Exercise data —
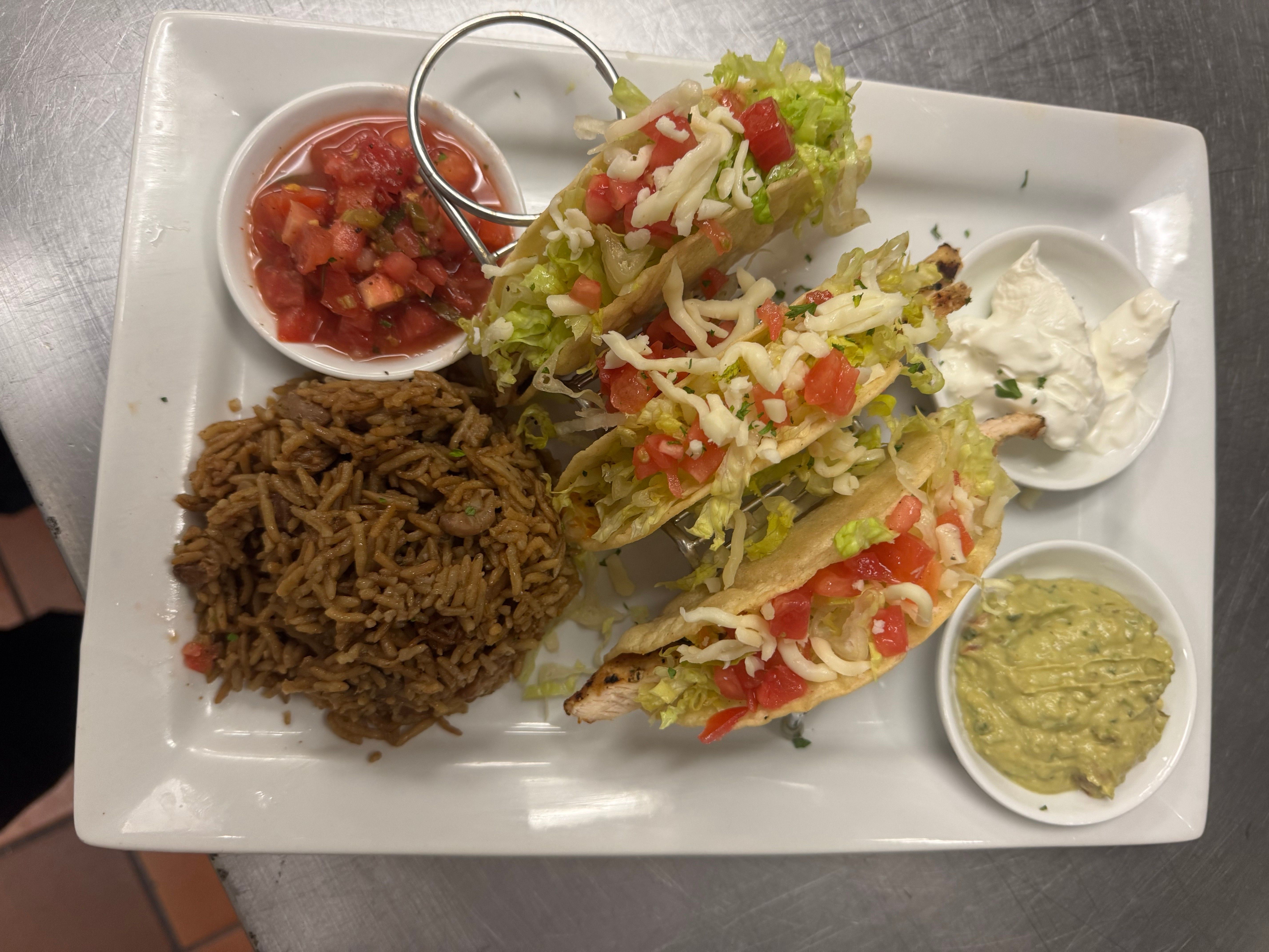 Ground Beef Quesadilla, Cheese Dip With Chorizo And Chicken Flauta Served With Lettuce, Pico De Gallo, Sour Cream, Queso Fresco, And Your Favorite Green Or Red Sauce
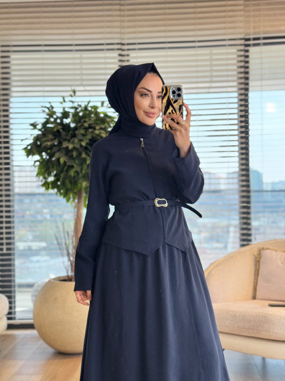 7520 Ön Fermuarlı Kemerli Etekli Takım Lacivert
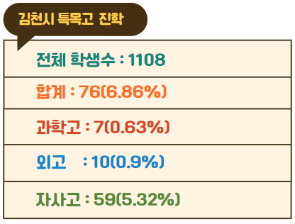 2023년 기준 김천시 지역에는 15개 중학교가 있고 중학교 학생수는 1108명입니다. 전체 학생 중 0.63%인 7명이 과학고에 진학했고 0.9%인 10명이 외국어고에 진학했습니다. 그리고 5.32%인 59명이 자립형 사립고에 진학했습니다. 전체 학생수 1108명 중 6.86%인 76명이 특목고에 진학했습니다.
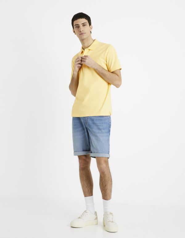 Vous porterez ce polo homme à manches courtes avec un pantalon chino, pour créer un look casual et confortable. Le polo est 100 % coton, avec une broderie étoile en ton sur ton au niveau de la poitrine. Son col est agrémenté de deux boutons.
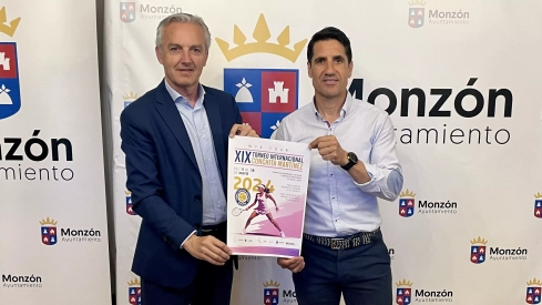 El concejal de Deportes, Eliseo Martín, y el director del Torneo, Michel Irigaray, han presentado este martes, en el Salón Azul del Ayuntamiento de Monzón, el XIX Torneo Internacional de Tenis Conchita Martínez, que se celebrará del 11 al 18 de mayo en el complejo Conchita Martínez con entrada libre, dotado de 25.000$.

Work instructions — Wording must stay exact. Give again the lines from the line with "Vous porterez ce" through the last line of the listing, both ends included, without pictures.

Answer to this task —
 Vous porterez ce polo homme à manches courtes avec un pantalon chino, pour créer un look casual et confortable. Le polo est 100 % coton, avec une broderie étoile en ton sur ton au niveau de la poitrine. Son col est agrémenté de deux boutons.
 El concejal de Deportes, Eliseo Martín, y el director del Torneo, Michel Irigaray, han presentado este martes, en el Salón Azul del Ayuntamiento de Monzón, el XIX Torneo Internacional de Tenis Conchita Martínez, que se celebrará del 11 al 18 de mayo en el complejo Conchita Martínez con entrada libre, dotado de 25.000$.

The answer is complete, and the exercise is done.